Records for this task:

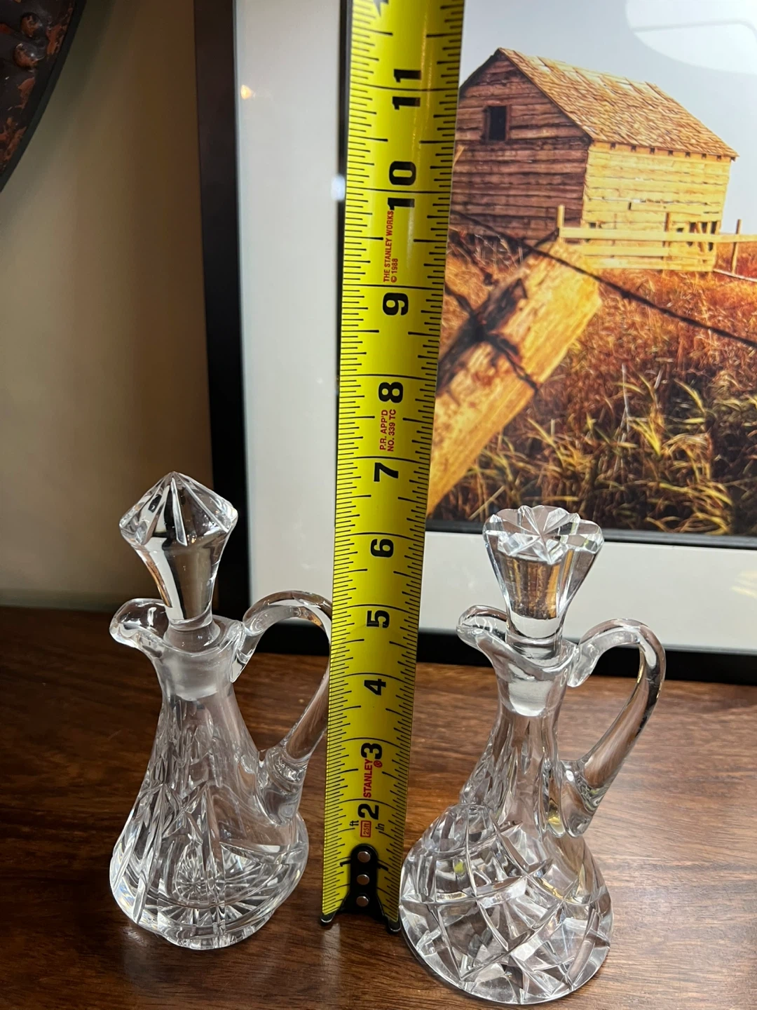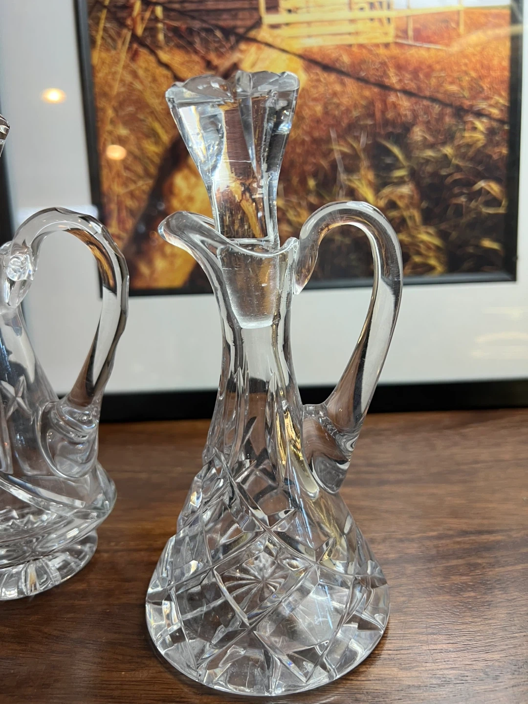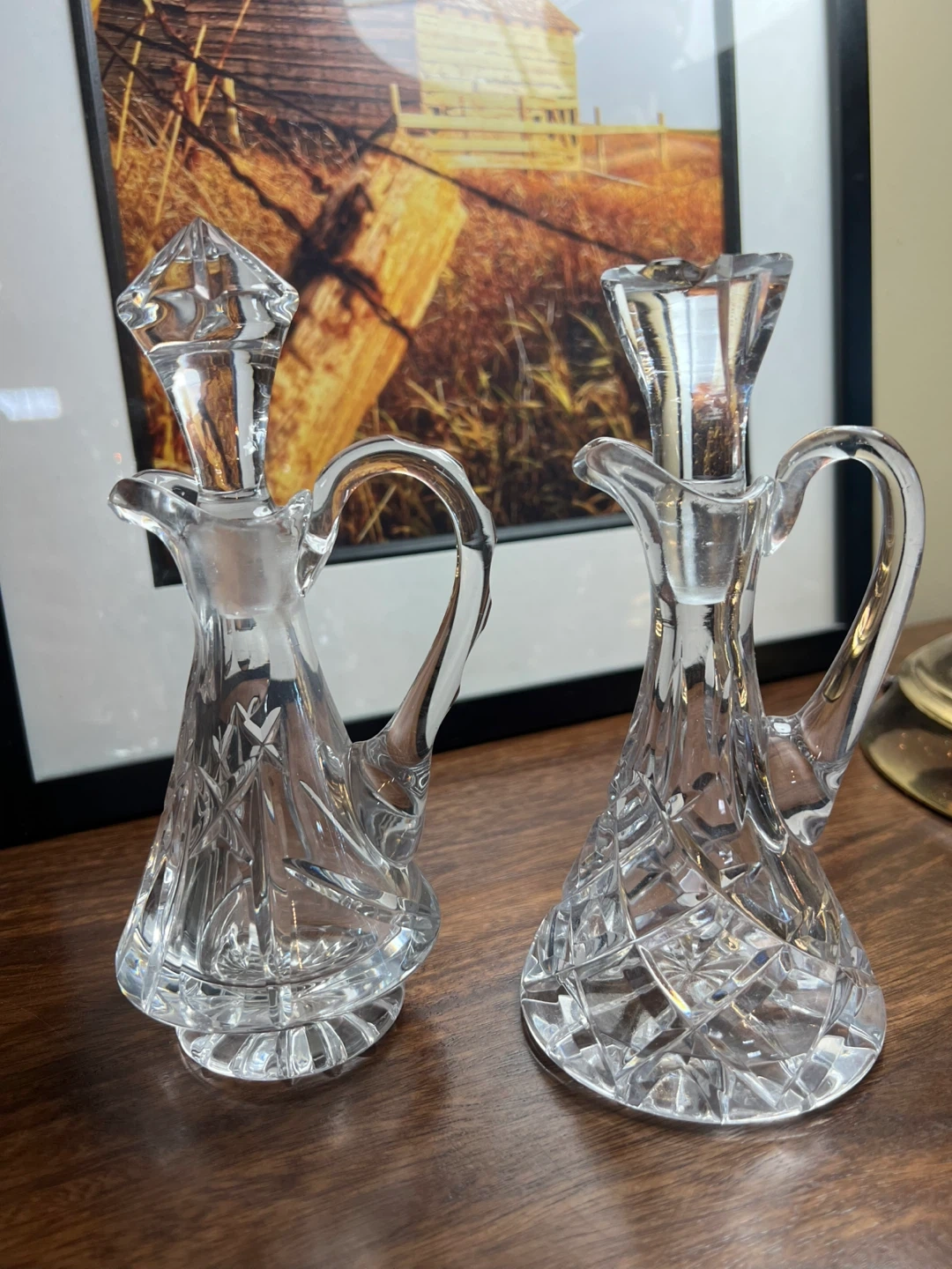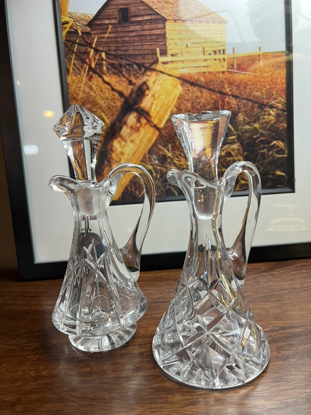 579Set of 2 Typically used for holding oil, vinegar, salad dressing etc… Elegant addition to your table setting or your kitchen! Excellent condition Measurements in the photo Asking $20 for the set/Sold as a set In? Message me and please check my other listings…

--

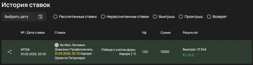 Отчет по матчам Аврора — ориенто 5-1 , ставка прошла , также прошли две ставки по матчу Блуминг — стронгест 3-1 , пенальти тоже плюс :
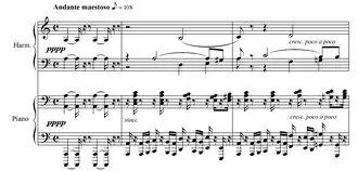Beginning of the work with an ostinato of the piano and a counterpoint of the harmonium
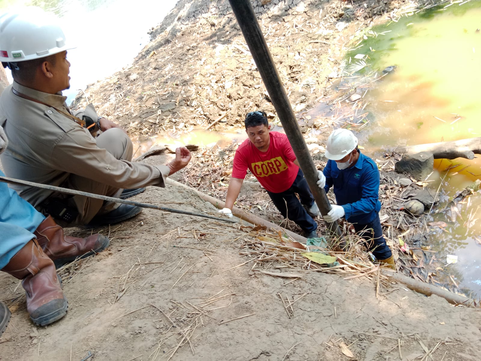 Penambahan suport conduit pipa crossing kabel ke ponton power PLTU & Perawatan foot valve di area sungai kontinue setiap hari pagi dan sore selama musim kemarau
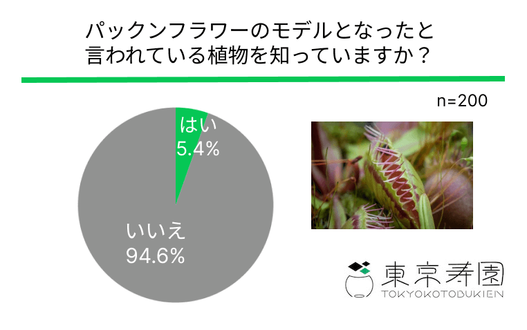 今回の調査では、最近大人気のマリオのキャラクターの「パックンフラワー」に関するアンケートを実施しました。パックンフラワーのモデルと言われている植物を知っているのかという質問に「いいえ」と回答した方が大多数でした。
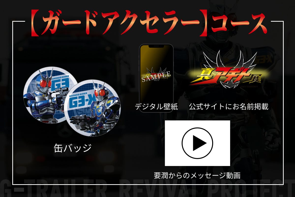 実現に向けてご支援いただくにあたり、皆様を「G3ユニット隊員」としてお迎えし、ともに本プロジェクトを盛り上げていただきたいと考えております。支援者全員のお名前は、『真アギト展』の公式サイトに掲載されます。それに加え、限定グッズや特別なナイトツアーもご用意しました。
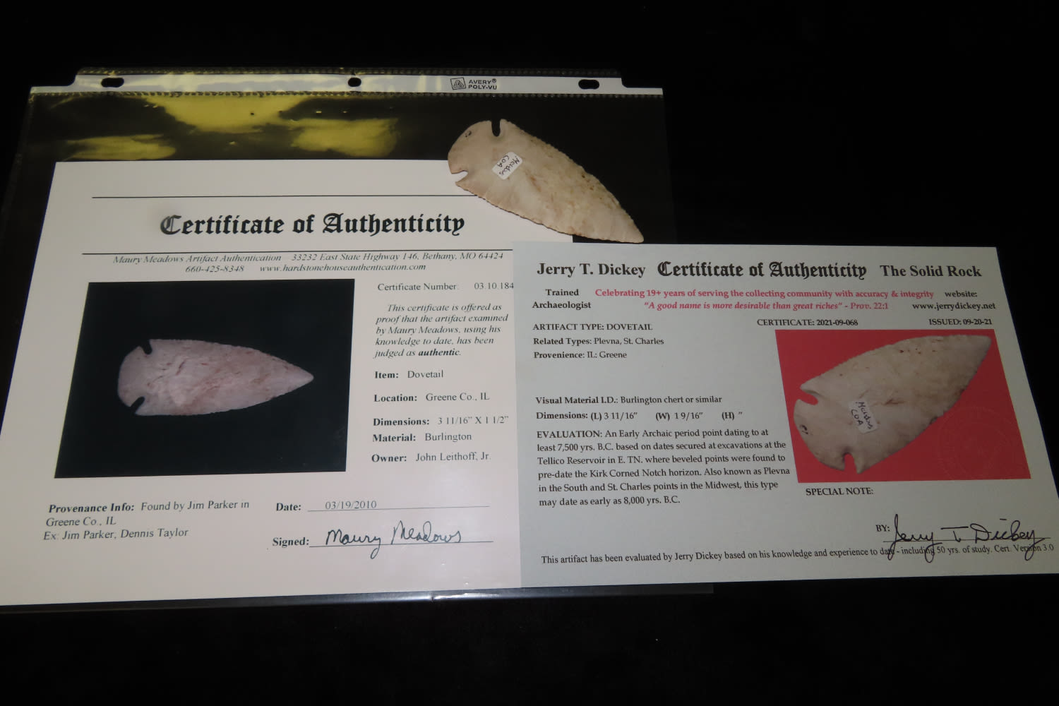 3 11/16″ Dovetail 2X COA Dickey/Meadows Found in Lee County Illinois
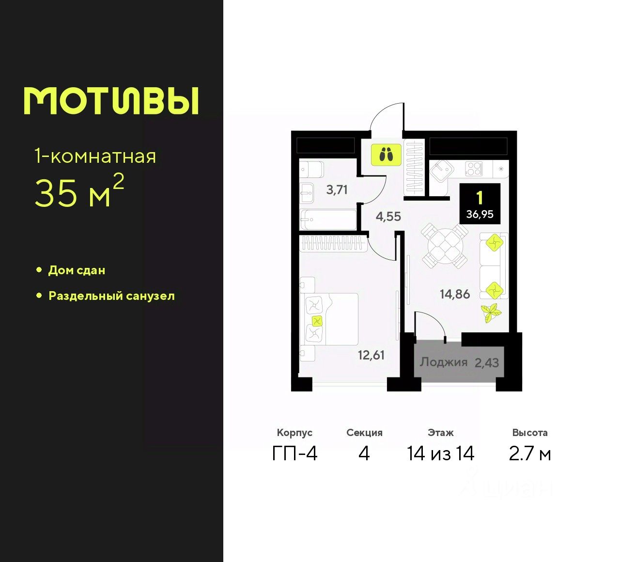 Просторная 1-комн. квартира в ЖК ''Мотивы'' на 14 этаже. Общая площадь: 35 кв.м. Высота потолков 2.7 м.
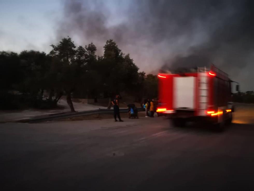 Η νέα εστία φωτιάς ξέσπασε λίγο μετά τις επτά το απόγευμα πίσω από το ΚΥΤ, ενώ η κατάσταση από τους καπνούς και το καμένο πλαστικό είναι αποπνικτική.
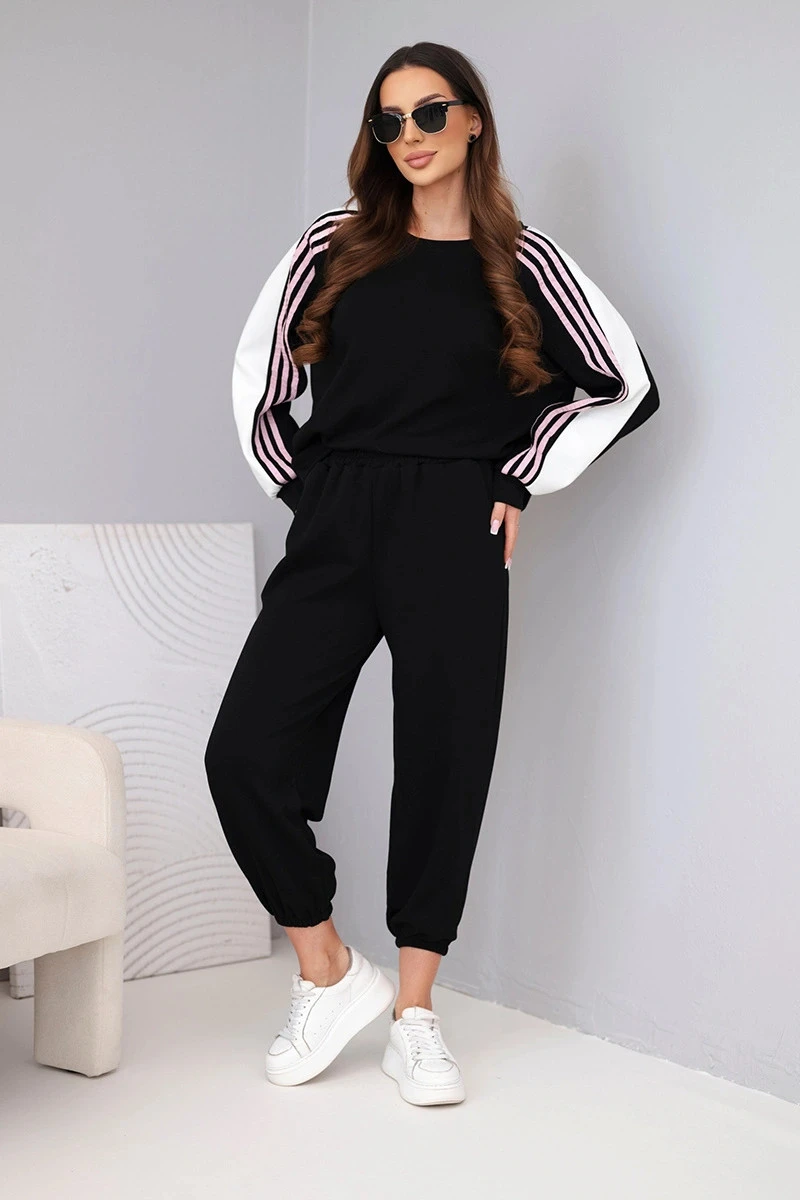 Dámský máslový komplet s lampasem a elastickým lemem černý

--

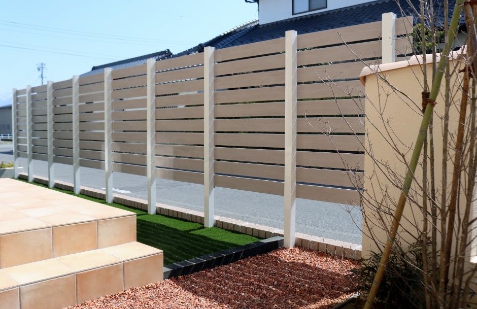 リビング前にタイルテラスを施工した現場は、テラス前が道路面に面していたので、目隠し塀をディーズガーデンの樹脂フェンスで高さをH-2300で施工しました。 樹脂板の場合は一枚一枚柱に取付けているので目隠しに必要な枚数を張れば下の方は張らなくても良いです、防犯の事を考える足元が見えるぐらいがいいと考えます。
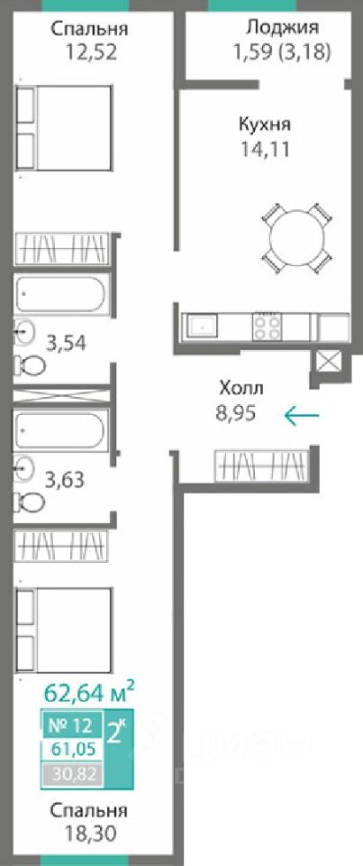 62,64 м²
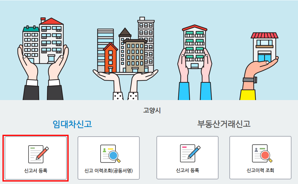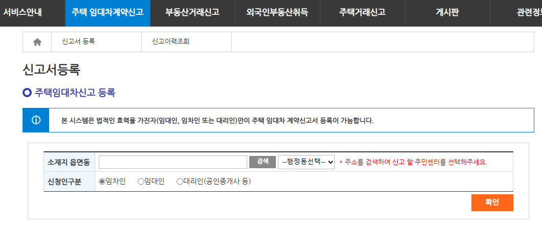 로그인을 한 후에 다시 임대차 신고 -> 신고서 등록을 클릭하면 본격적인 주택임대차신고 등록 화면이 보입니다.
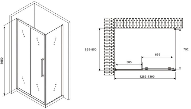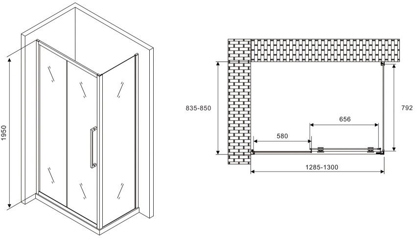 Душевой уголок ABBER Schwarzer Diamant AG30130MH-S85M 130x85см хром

What needs to be done:
Go to the line above holding "3 11/16″ Dovetail", then copy exactly each line down to and including the one holding "Dámský máslový komplet", leaving pictures out.

Task solution:
 3 11/16″ Dovetail 2X COA Dickey/Meadows Found in Lee County Illinois
 Просторная 1-комн. квартира в ЖК ''Мотивы'' на 14 этаже. Общая площадь: 35 кв.м. Высота потолков 2.7 м.
 Η νέα εστία φωτιάς ξέσπασε λίγο μετά τις επτά το απόγευμα πίσω από το ΚΥΤ, ενώ η κατάσταση από τους καπνούς και το καμένο πλαστικό είναι αποπνικτική.
 Dámský máslový komplet s lampasem a elastickým lemem černý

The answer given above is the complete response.